Pope Francis looks on as he answers questions from journalists aboard his flight from Iqaluit, in the Canadian territory of Nunavut, to Rome July 29, 2022. (CNS photo/Paul Haring)
VATICAN CITY (CNS) -- Pope Francis reaffirmed that homosexuality is not a crime, and that any sexual act outside of marriage is a sin, in a written response to a request for clarification about his remarks during a recent interview with the Associated Press.
In an interview with the agency televised and published in Spanish Jan. 25, the pope had said that "being homosexual is not a crime. It is not a crime." He defined as "unjust" laws that criminalize homosexuality or homosexual activity and urged church members, including bishops, to show "tenderness" as God does with each of his children.
In the interview the pope said, "We are all children of God, and God loves us as we are and for the strength that each of us fights for our dignity. Being homosexual is not a crime. It is not a crime."
Then, he voiced an objection to that statement, followed by how he would respond to that objection, saying, "'Yes, but it is a sin.' Fine, but first let us distinguish between a sin and a crime."
"It's also a sin to lack charity with one another," he added.
U.S. Jesuit Father James Martin, who is editor of Outreach.faith, which provides news and resources for LGBTQ Catholics, wrote to the pope asking him to clarify his statement, which some media outlets had reported as the pope saying being gay is a sin.

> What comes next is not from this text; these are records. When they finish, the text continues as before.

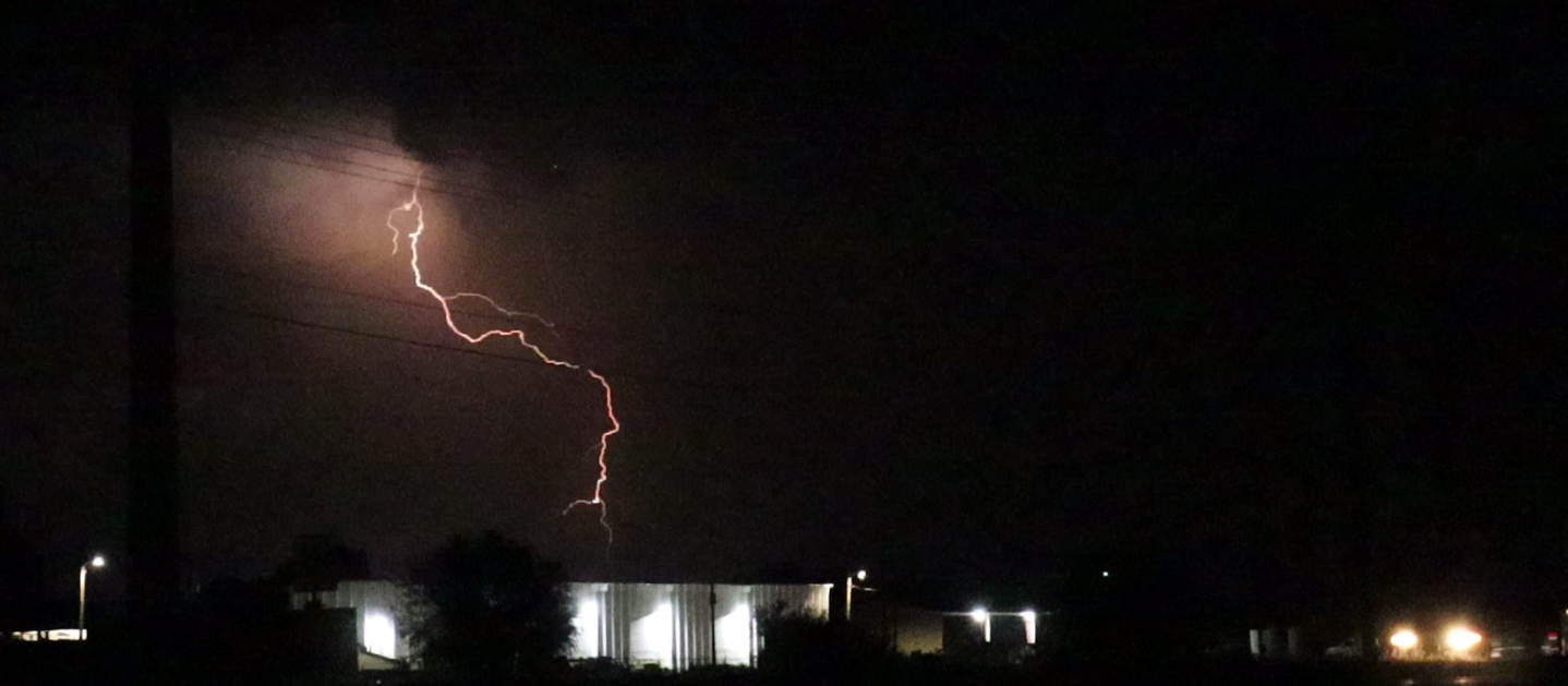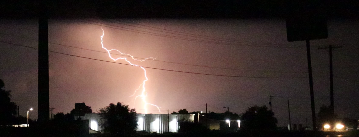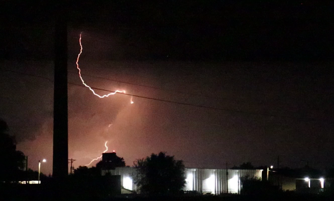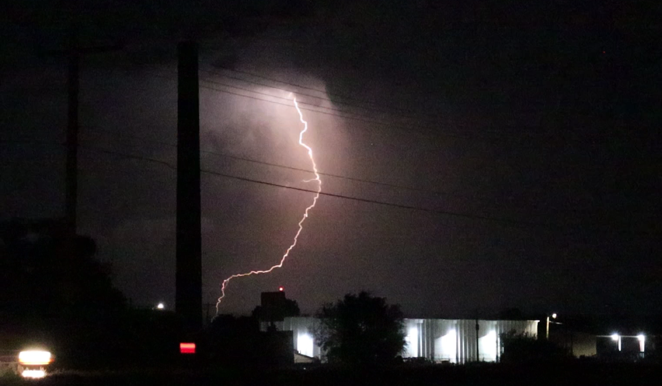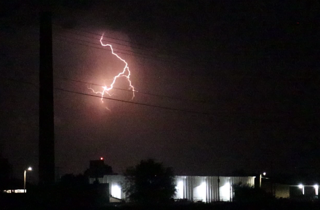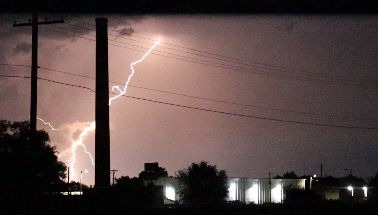 Description: Lightning Strikes in a late Summer Thunderstorm Northeast of the Holly Sugar Tower in Swink.
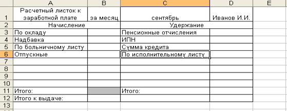 Удержание по исполнительному листу производится в ячейке D6 по формуле: =ПроцентВыплатПоИсполЛисту*(Доход за текущий месяц– ИПН).
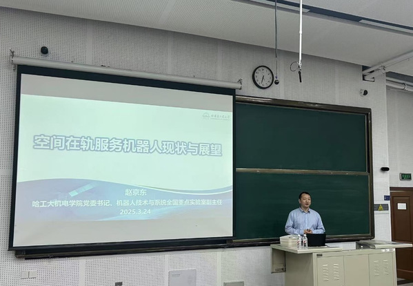 赵京东教授以《空间在轨服务机器人现状与展望》为题,为同学们介绍了机器人技术在空间在轨服务中的应用,并结合空间站机械臂等前沿案例,通过一个个生动的应用场景,为同学们勾勒出机器人技术的宏伟蓝图,激发了同学们对机器人领域研究和学习的兴趣与热情。博士生祁乐以《在机电的十年成长密码》为主题,用亲身经历串起本硕博阶段的科创经历、科研攻关、学科竞赛、创业实践等内容,并结合自己的认识给学弟学妹们提出了中肯的建议。
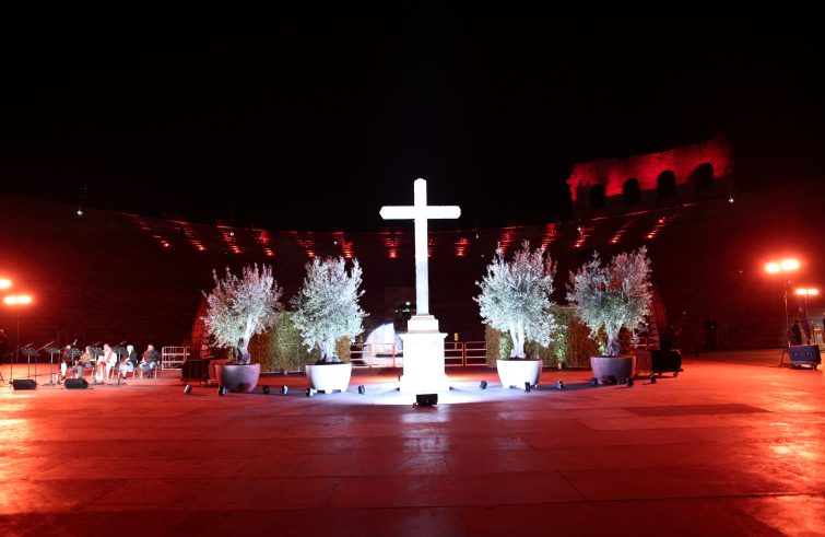 I 5mila spettatori che affolleranno le gradinate dell’anfiteatro saranno coinvolti nel dramma in atto; la serata sarà anche un’occasione concreta di solidarietà: sarà possibile contribuire alla “Colletta pro locis sanctis” del Venerdì Santo per sostenere la Chiesa di Terra Santa.
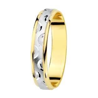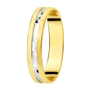 18K ALIANZA ORO BICOLOR TALLADA Y BORDES EN BRILLO 4 MM
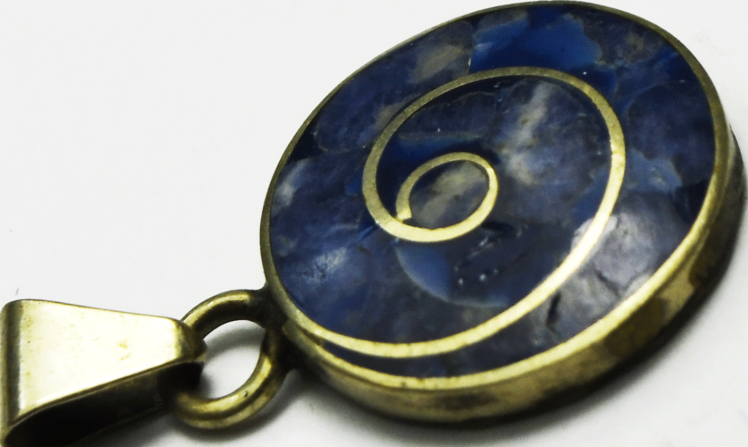 Sterling Silver Blue Sodalite Inlay Spiral Round Disc Pendant 27mm x 17mm

Father Martin published the pope's written reply in Spanish Jan. 27. The pope acknowledged, "In a televised interview, where we spoke with natural and conversational language, it is understandable that there would not be such precise definitions."
"It is not the first time that I speak of homosexuality and of homosexual persons. And I wanted to clarify that it is not a crime, in order to stress that criminalization is neither good nor just," the pope wrote.
"When I said it is a sin, I was simply referring to Catholic moral teaching, which says that every sexual act outside of marriage is a sin. Of course, one must also consider the circumstances, which may decrease or eliminate fault," he wrote.
"As you can see, I was repeating something in general. I should have said, 'It is a sin, as is any sexual act outside of marriage,'" he wrote. "This is to speak of 'the matter' of sin, but we know well that Catholic morality not only takes into consideration the matter, but also evaluates freedom and intention; and this, for every kind of sin."
"And I would tell whoever wants to criminalize homosexuality that they are wrong," the pope wrote.